Style When to reach for it
full Detailed per-cell inspection, asymmetric regions on x and y, full symmetric matrix you want to read either direction.
diagonal Like full but with the redundant lower triangle stripped — a half-matrix view that uses the same coordinate system.
triangle Browser-style overview, stacking with other genomic tracks, and any time interaction distance is the question.
rectangle Large genomes / fine resolutions where only short-to-medium-range contacts matter. The max_dist cap removes noise from sparse long-range tiles and lets you compare regions on the same distance scale.

Combining Hi-C with annotation tracks

Rotated styles (triangle, rectangle) compose naturally above annotation tracks because they share the same x-axis. seq_resolve() or the operator chain stitches them together:

# Synthetic gene track for the same window.
genes <- GRanges("chr1",
                 IRanges(start = c(40.5e6, 41.4e6, 42.6e6, 43.5e6, 44.2e6),
                         width = c(1.2e5, 2.0e5, 8e4,    1.5e5, 9e4)),
                 gene = paste0("g", 1:5),
                 type = "exon",
                 strand = c("+", "-", "+", "+", "-"))

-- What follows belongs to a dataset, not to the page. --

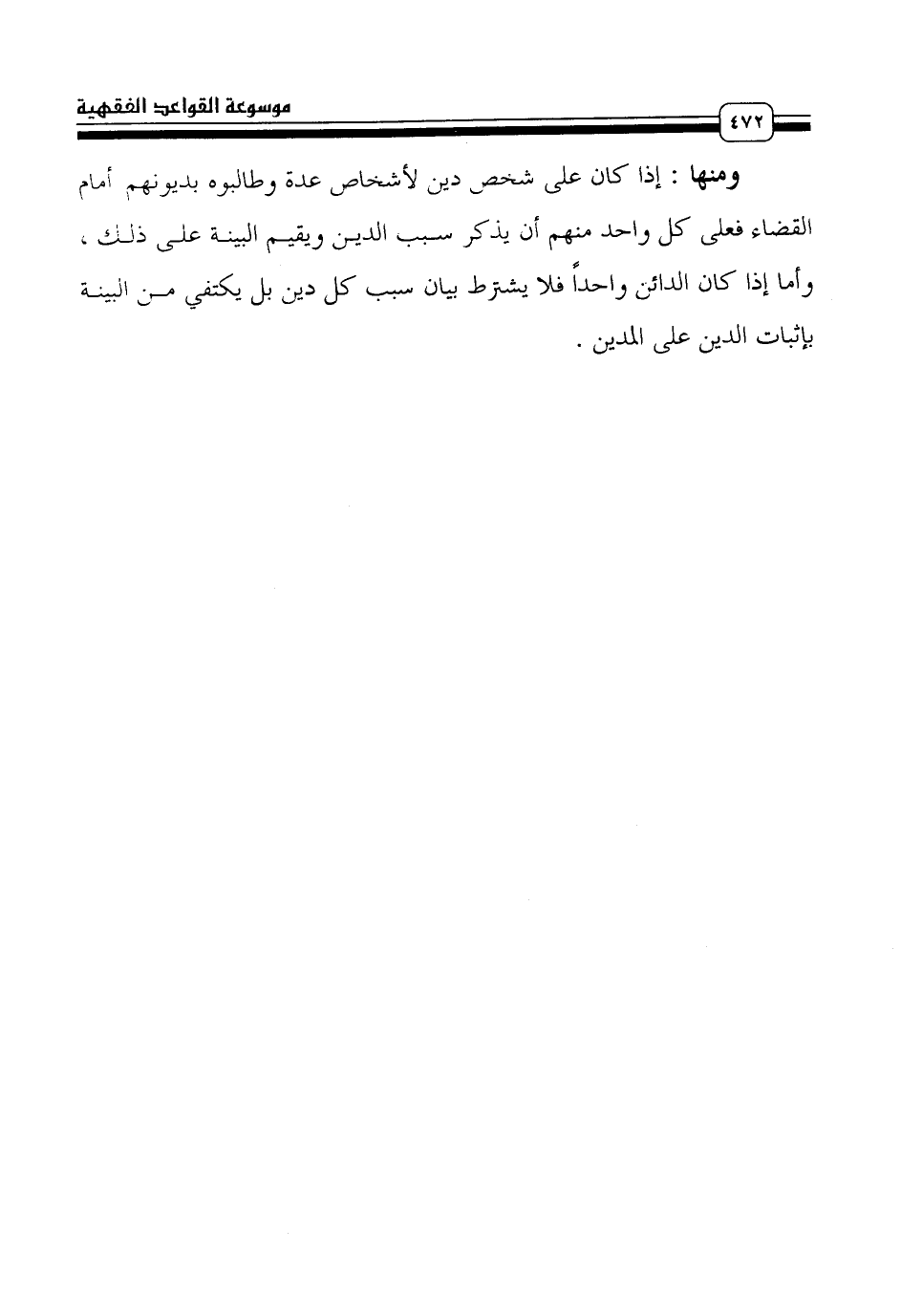 ومنها: إذا كان على شخص دين لأشخاص عدة وطالبوه بديونهم أمام القضاء فعلى كل واحد منهم أن يذكر سبب الدين ويقيم البينة على ذلك, وأما إذا كان الدائن واحداً فلا يشترط بيان سبب كل دين بل يكتفي من البينة بإثبات الدين على المدين.

p_hic <- seq_hic(gr, windows = win, style = "triangle",
                 track_id = "HiC")

p_genes <- seq_plot() %+%
  seq_track(data = genes, windows = win, track_id = "Genes",
            track_height = 0.4) %+%
  seq_gene(map(group = gene, type = type, strand = strand,
               label = gene))

seq_resolve(seq_plot(), p_hic, p_genes)$plot()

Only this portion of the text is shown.